4. The churchwardens for a debt of the parish gave a note signed J. B. and G. W., churchwardens," for which they were held personally liable: Rew v. Pettet, 1 A. & E. 196 (1834).
5. Executors carrying on the business of the testator as directed by the will, in the ordinary course, accepted a bill describing themselves simply as executors of the testator. They were held personally liable. Liverpool Borough Bank v. Walker, 4 DeG. & J. 24 (1859).
6. A., B. and C. signed a note in the following terms: "We the undersigned in the name and on the behalf of the Reformed Presbyterian Church, Stranraer, promise to pay," etc.:-Held, that A., B. and C. were personally liable on the note: McMeekin v. Easton, 16 Court of Session Cases, 363 (1889).
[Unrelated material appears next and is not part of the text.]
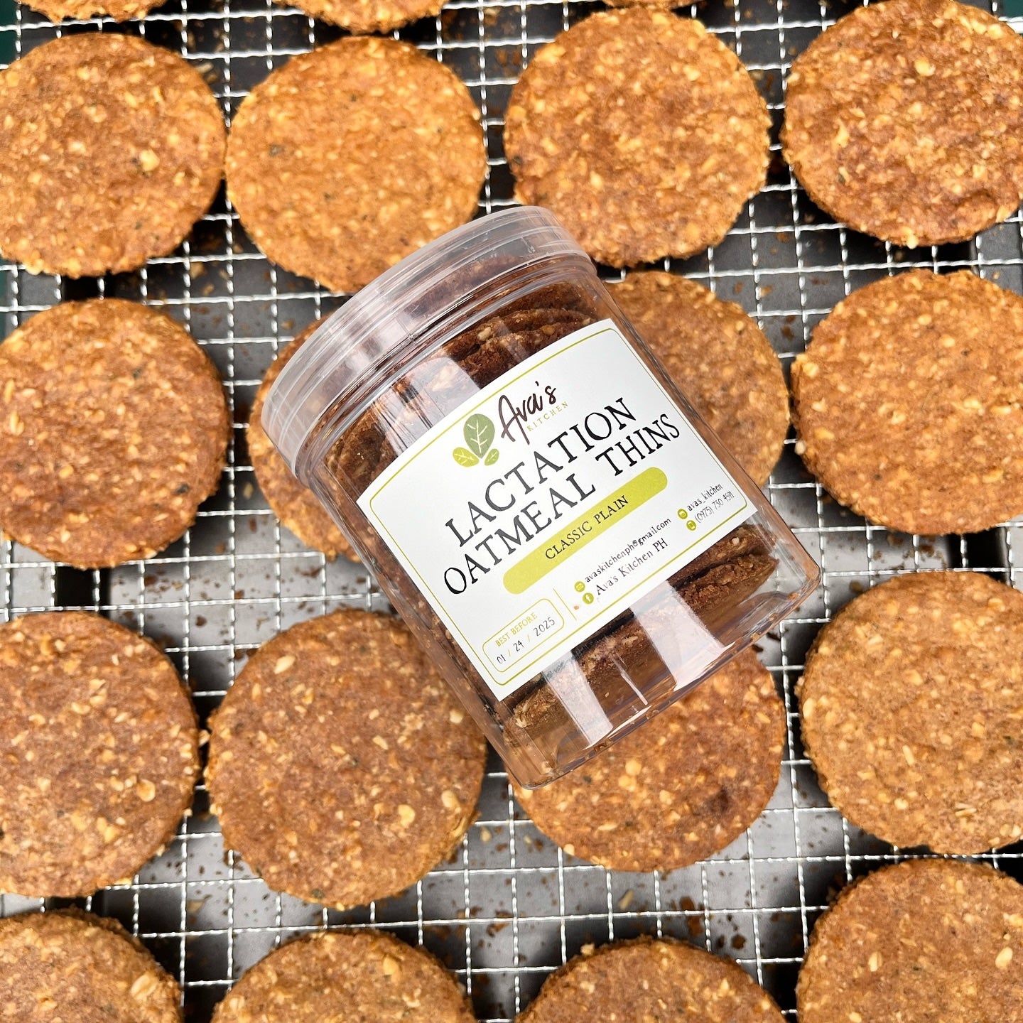 Satisfy your cravings and boost lactation with Ava's Kitchen's Lactation Oatmeal Thins. Perfect for snacking anytime.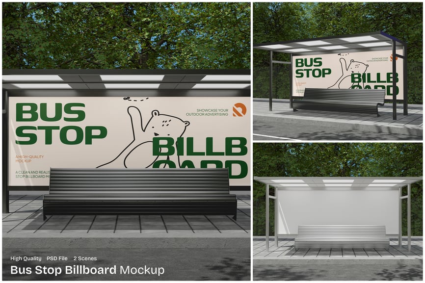 使用这款**公交站牌模型**展示户外广告理念,适用于**户外广告宣传活动、街头广告、品牌展示和营销视觉素材**。该模型以清晰的广告牌框架还原了真实的城市环境。

"The construction most favorable to the validity of the instrument."-This is in accordance with the maxim ut res magis valeat. In many of the cases in which an agent or officer has been held personally liable on a bill, it is quite evident that he did not intend to bind himself personally, and there is a great deal to be said in favor of his not being liable; but inasmuch as he did not legally bind his principal or the company as the case may be, he has been condemned personally on the principle laid down in this sub-section.
THE CONSIDERATION FOR A BILL.
27. Valuable consideration for a bill may be constituted by
(a.) Any consideration sufficient to support a simple contract;
(b.) An antecedent debt or liability; such a debt or liability is deemed valuable consideration, whether the bill is payable on demand or at a future time: Imp. Act, s. 27, 1 (a) (b).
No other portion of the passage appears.